Захар часто говорил, что в дела Леонида не суётся. Пусть сын живёт своим умом. И правильно делает, иначе старшенького пришлось бы немедленно арестовать. Озирский имел сигналы насчёт торговли лицензиями на приобретение оружия, а также на право его хранения и ношения. По полтысячи баксов там брали за гладкоствольное, по тысяче — за нарезное. Такой порядок экономил гражданам нервы и время.
Один раз Андрею пришлось воспользоваться базой данных агентства, когда Захар Сысоевич попенял ему относительно охранников из Ольгино. Генерала интересовало, почему ребята ходят с пистолетами, не находясь при исполнении служебных обязанностей. Директор агентства прозрачно намекнул на бизнес Леонида, и его отец притих.
Теперь генерал, конечно, вспомнил собственное поражение, сильный испуг. Ему представилась великолепная возможность расквитаться с бывшим другом… Андрей сидел перед Захаром, заросший бородкой, в мешковатой «варёной» куртке и драных джинсах. Пришёл он в кабинет, держа руки за спиной. Ему уже предъявлено обвинение по нескольким статьям, включая сто вторую — убийство и двести тринадцатую — терроризм.
Последнее обвинение, как ни странно, сыграло положительную роль в судьбе арестованного. Это позволило поместить Озирского в изолятор УФСБ, а не в милицейские «Кресты». Но радоваться особо не приходилось. Обе статьи расстрельные. Если генерал Ронин умрёт, за жизнь Озирского никто не даст и гроша. Очень уж много у него врагов — в тюрьме и на воле. Одним лихой оперативник наступил на хвост, работая в РУБОПе, других достал уже в качестве директора частного агентства.
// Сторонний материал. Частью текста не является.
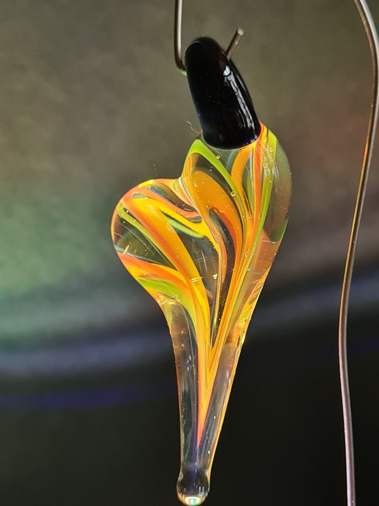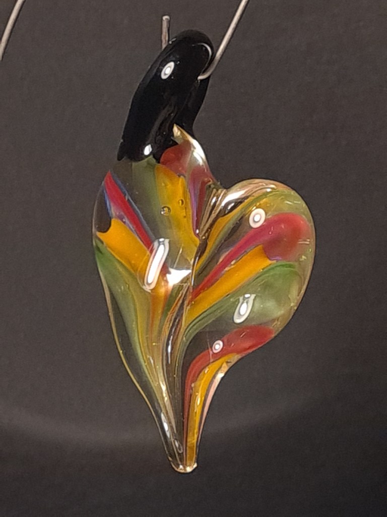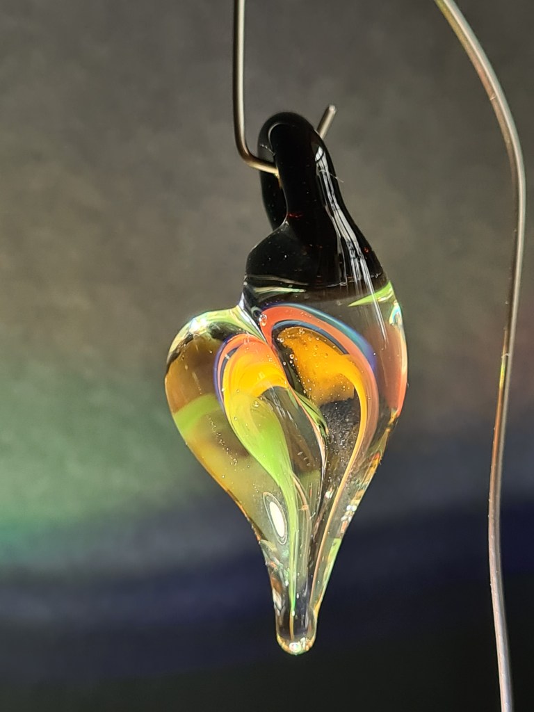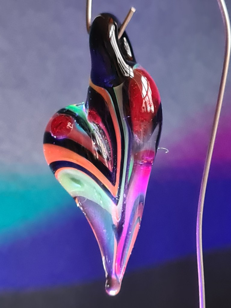Borosilicate glass formed in the flame to create beautiful pieces of wearable art.
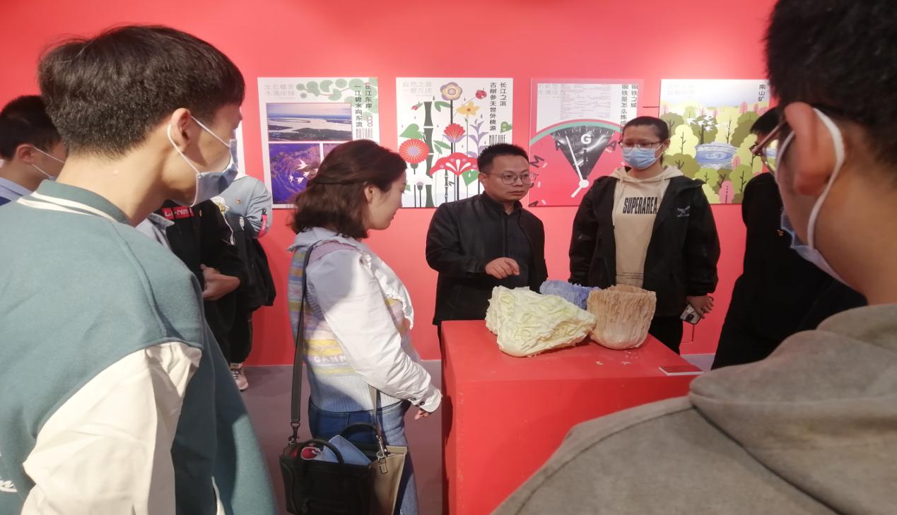 的师生们将习近平总书记的指示要求与他们所学的专业相结合,烧制出三颗象征“白菜心”的陶瓷作品,该作品制作工艺精湛,白菜叶子薄如蝉翼,惟妙惟肖,同学们纷纷对这件作品的巧妙构思与精美制作表示赞叹。观展过程中汪正向同学们简述马鞍山的发展历程,他告诉学生马鞍山因钢而兴,因钢立市,过去的无序发展导致许多生态问题,如今,一条生态环境高水平保护与经济社会高质量发展统筹推进的新路正被奋力闯出,马鞍山市开展以薛家洼为重点区域的长江东岸综合整治,从昔日“脏乱差”到如今“美如画”,站在位于长江东岸的薛家洼远眺,水光潋滟、水鸟翩翩,江豚戏水的场景时隐时现,马鞍山这颗“白菜心”正用实际行动贯彻落实绿水青山就是金山银山的生态发展理念,这些理念也被师生们设计在馆内许多作品中。

А ведь сколько раз долгими зимними вечерами засиживались они вот так, в полутёмном кабинете. И Андрей мог быть заросший, грязный, трое суток не спавший, даже раненый. Начальник отдела отпаивал его чаем, наливал в кружку водку или спирт. Сочувствовал, жалел, рвался помочь.
Сейчас же бывший подчинённый Горбовского, в недавнем прошлом звезда его подразделения, вечная палочка-выручалочка мог рассчитывать лишь на стакан кипячёной воды из графина — если попросит. Сам генерал ни за что не предложит. Как странно! Ведь даже подстаканник у Сысоича тот же самый, серебряный. И ложечка с витой ручкой. Пепельница ещё тех времён, когда они совещались, спорили, хохотали, ругались, то и дело отщёлкивая в неё окурки.
Всякое случалось — иногда рука даже тянулась к пустой кобуре. Но никогда Озирский не видел такой неприязни, даже гадливости на лице своего начальника. Горбовский, казалось, мысленно проклинал себя за давнюю дружбу с ним. Удивлялся, как раньше не разглядел гнильцу под вполне пристойной личиной.
Майор Горбовский и генерал Горбовский были разными людьми. Будто не погоны на кителе и рубашке поменял человек, а нутро, душу. Тот Захар никогда не поверил бы клевете, выслушал бы Андрея беспристрастно. А, скорее всего, и помог бы — советом, просто добрым словом. Ведь не первый же день они знакомы, в самом деле…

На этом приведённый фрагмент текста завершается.